------ INFORMATION SHOWN

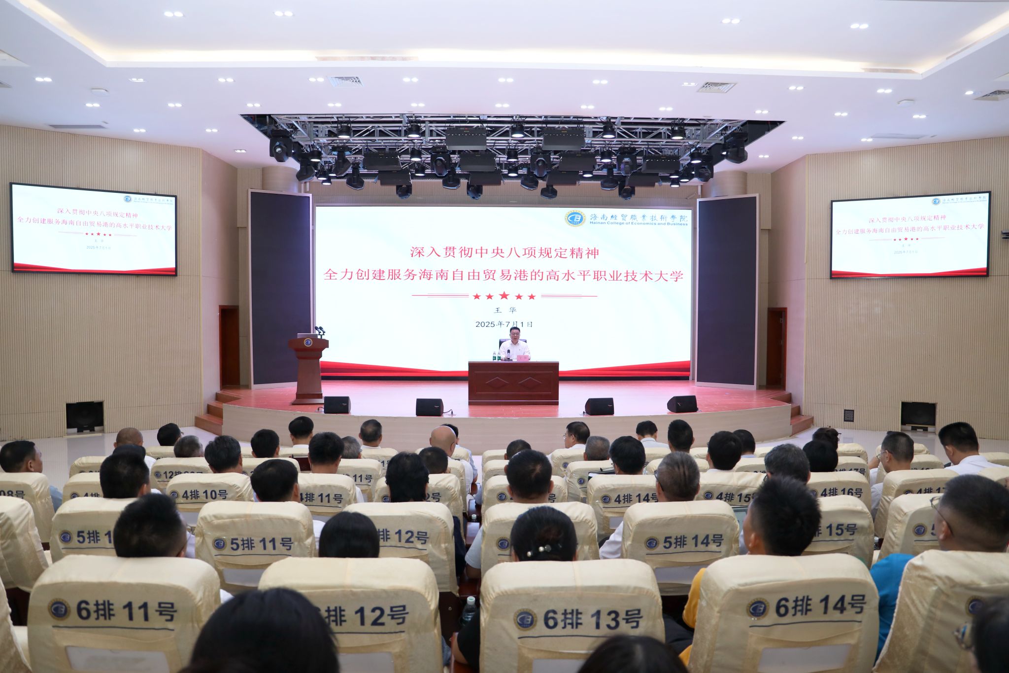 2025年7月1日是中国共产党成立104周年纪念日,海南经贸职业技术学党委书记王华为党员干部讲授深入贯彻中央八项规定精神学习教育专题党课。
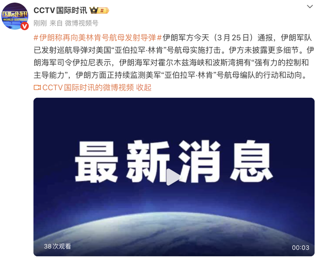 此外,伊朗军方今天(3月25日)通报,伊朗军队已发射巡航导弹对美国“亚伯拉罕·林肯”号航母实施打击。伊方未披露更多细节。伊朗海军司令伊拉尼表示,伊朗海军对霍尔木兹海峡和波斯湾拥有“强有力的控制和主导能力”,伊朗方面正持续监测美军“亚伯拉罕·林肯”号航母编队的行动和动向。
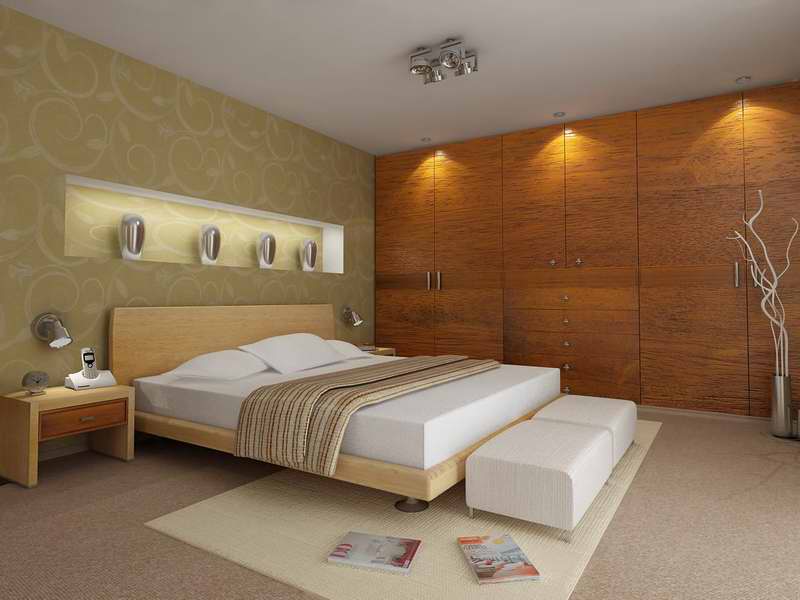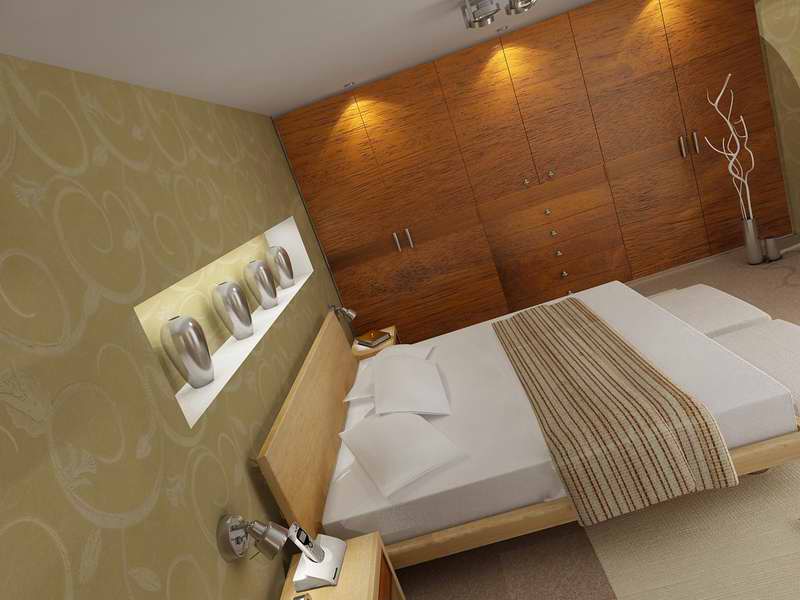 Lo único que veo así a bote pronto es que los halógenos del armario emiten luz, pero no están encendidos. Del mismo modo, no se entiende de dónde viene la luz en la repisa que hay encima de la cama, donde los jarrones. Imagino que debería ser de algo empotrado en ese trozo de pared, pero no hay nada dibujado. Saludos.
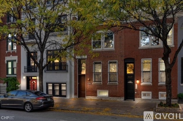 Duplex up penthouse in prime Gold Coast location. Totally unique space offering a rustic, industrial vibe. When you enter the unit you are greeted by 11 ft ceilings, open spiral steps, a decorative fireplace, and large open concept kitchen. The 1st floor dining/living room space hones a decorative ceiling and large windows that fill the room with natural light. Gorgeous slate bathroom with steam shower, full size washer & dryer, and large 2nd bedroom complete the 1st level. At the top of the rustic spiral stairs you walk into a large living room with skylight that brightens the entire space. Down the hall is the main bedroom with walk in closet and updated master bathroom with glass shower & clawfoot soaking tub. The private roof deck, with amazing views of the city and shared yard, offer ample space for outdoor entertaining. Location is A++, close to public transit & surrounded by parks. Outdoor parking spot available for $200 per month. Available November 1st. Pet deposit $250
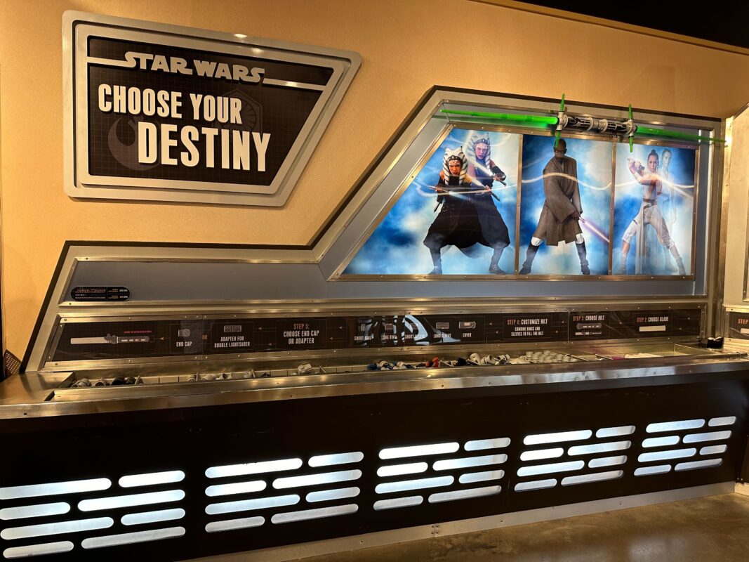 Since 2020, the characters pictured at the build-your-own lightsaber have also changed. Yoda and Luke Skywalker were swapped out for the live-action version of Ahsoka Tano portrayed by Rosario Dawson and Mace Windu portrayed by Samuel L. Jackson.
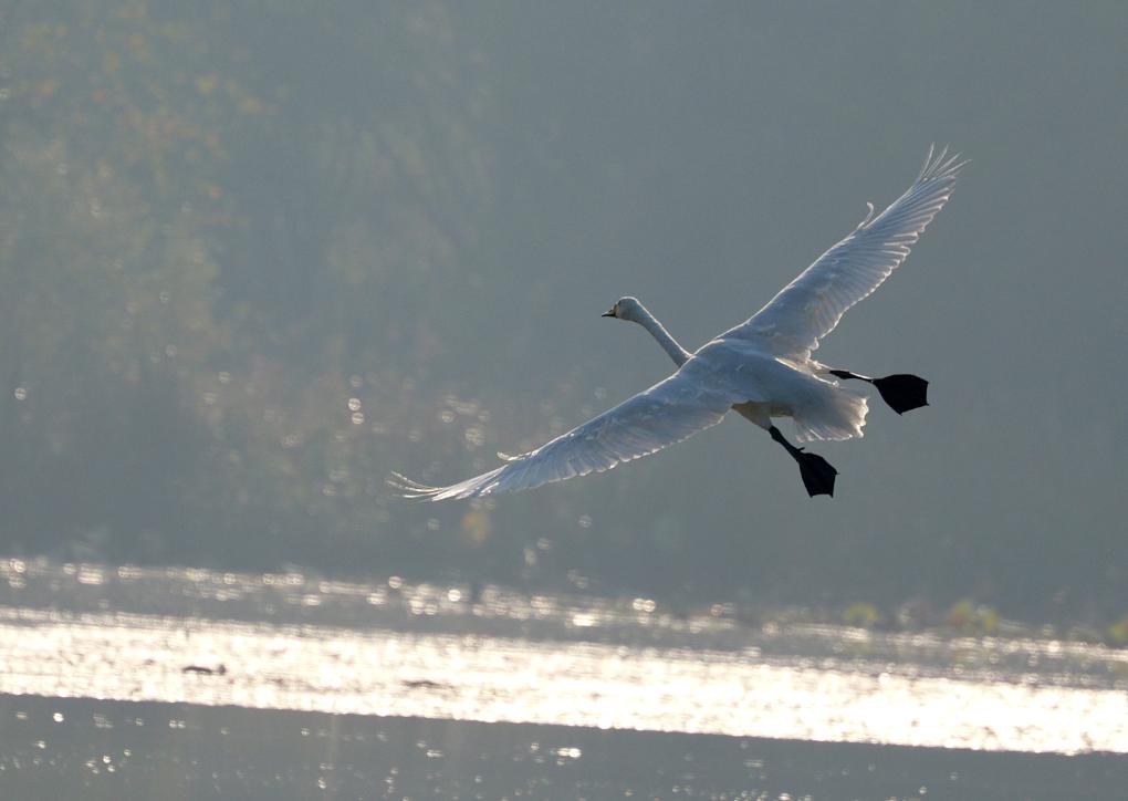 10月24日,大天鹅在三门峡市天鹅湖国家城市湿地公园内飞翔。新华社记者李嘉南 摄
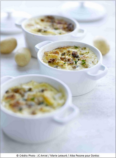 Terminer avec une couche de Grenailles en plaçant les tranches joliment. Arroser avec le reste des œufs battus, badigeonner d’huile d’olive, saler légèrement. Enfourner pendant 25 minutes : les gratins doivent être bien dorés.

------------
------ INFORMATION SHOWN

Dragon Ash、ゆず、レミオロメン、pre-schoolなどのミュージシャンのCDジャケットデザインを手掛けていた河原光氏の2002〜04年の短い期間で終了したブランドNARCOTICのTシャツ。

------------

__WORK REQUIRED__. The lines above starting at the one that holds "2025年7月1日是中国共产" and ending at the one that holds "Lo único que" are to be written out exactly, ends included, and no pictures are to be copied.

__SOLVED EXERCISE__.
 2025年7月1日是中国共产党成立104周年纪念日,海南经贸职业技术学党委书记王华为党员干部讲授深入贯彻中央八项规定精神学习教育专题党课。
 此外,伊朗军方今天(3月25日)通报,伊朗军队已发射巡航导弹对美国“亚伯拉罕·林肯”号航母实施打击。伊方未披露更多细节。伊朗海军司令伊拉尼表示,伊朗海军对霍尔木兹海峡和波斯湾拥有“强有力的控制和主导能力”,伊朗方面正持续监测美军“亚伯拉罕·林肯”号航母编队的行动和动向。
 Lo único que veo así a bote pronto es que los halógenos del armario emiten luz, pero no están encendidos. Del mismo modo, no se entiende de dónde viene la luz en la repisa que hay encima de la cama, donde los jarrones. Imagino que debería ser de algo empotrado en ese trozo de pared, pero no hay nada dibujado. Saludos.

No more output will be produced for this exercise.